A Little Representation of Data: Pixels & Numbers (Lesson the First)

In my standard-issue (non-specialist) Digital Technology classes, I’ve attempted to spruce up the Data Representation content in the course.

I found last year, we neglected poor old Data Rep and focussed a little too much on binary conversions – which led to confusion and distress among some students. 1

For reasons beyond my understanding or pay grade, Digital Technology is now taken one hour a week for the whole year. There are significant downsides to this timetabling 2, but one advantage is that the course content divides somewhat neatly into four terms and having five different classes allows me to refine my lessons and activities to a much finer degree than I could last year (with one class at a time).

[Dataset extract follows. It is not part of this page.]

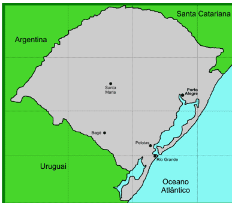
Figura 3 – Localização, no mapa do RS, dos municípios onde se situam as universidades públicas em estudo

For first term, I opted to focus solely on a pixel art activity that I have previously (somewhat optimistically) attempted to squeeze into a single lesson.

The activity essentially guides students through creating an image like this:

Hand drawn dolphin

Through to a numerical representation like this:

The fast students will get to the stage of writing clear and simple English instructions to read the numbers and recreate the image (as pixel art), but in my 6-7 lessons, I only managed to get the majority of students performing the numerical conversions.

Lesson 1

(The first set of slides can be found here)

It would be remiss of me not to link to the excellent Digital Technologies Hub section on Data Representation in years 7/8.

The flow in DT hub is to cover representation in year 8 only, beginning with binary representation and moving to the way data is encoded and represented numerically.

In addition, my approach to teaching Data Representation is heavily influenced by the CS Unplugged activities collected as Everything is Numbers.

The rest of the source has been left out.